Using the records that follow, reproduce exactly the lines starting at the line containing "生姜好きのための自家製ジンジャーエール ¥600" and ending at the line containing "Pastinha de ricota com melado e alecrim". Include both end lines and no pictures.

■ EXTRACTED RECORDS ■
════════════════
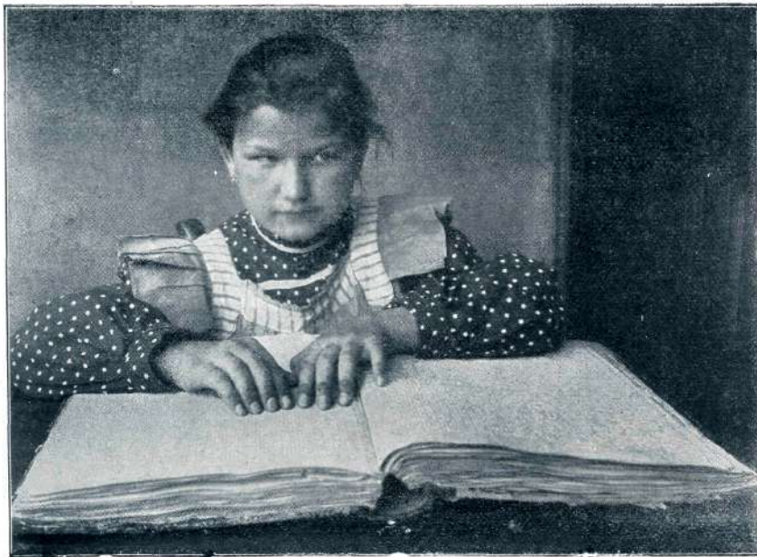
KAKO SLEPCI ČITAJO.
════════════════
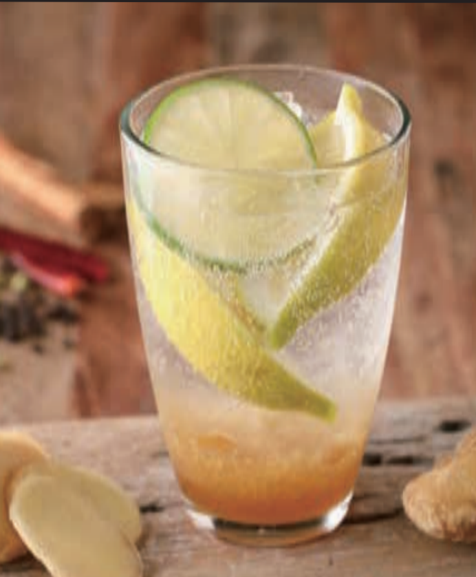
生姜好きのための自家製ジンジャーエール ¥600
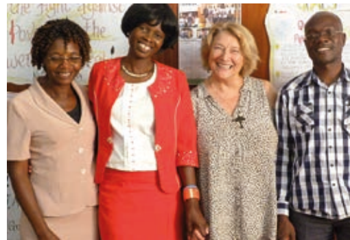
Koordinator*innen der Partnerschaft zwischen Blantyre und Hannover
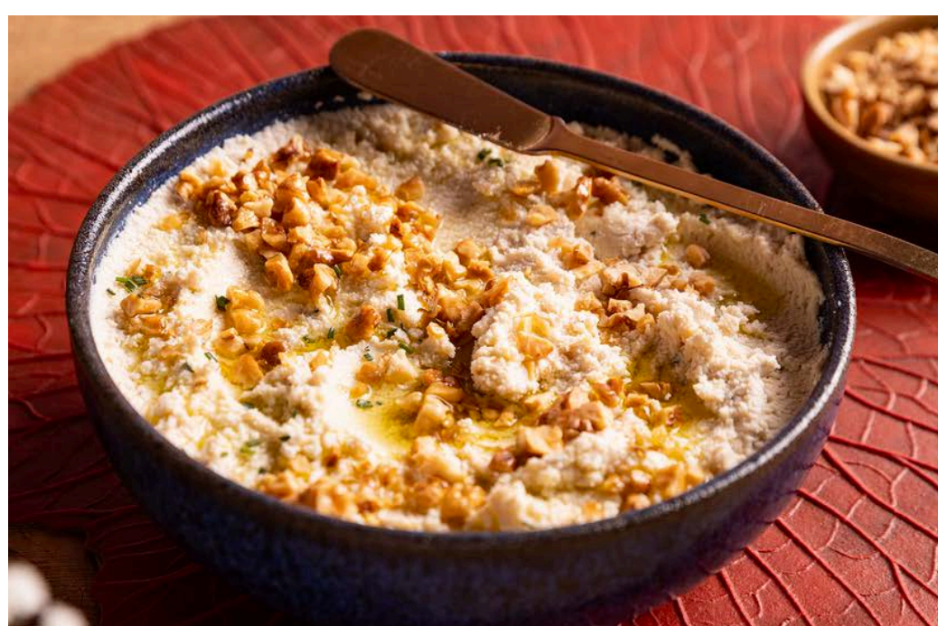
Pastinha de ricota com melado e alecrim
════════════════
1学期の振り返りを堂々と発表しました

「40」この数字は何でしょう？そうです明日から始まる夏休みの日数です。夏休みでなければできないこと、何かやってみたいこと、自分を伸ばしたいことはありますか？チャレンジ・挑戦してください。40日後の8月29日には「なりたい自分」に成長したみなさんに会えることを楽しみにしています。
════════════════
■ ANSWER BOX ■
生姜好きのための自家製ジンジャーエール ¥600
Koordinator*innen der Partnerschaft zwischen Blantyre und Hannover
Pastinha de ricota com melado e alecrim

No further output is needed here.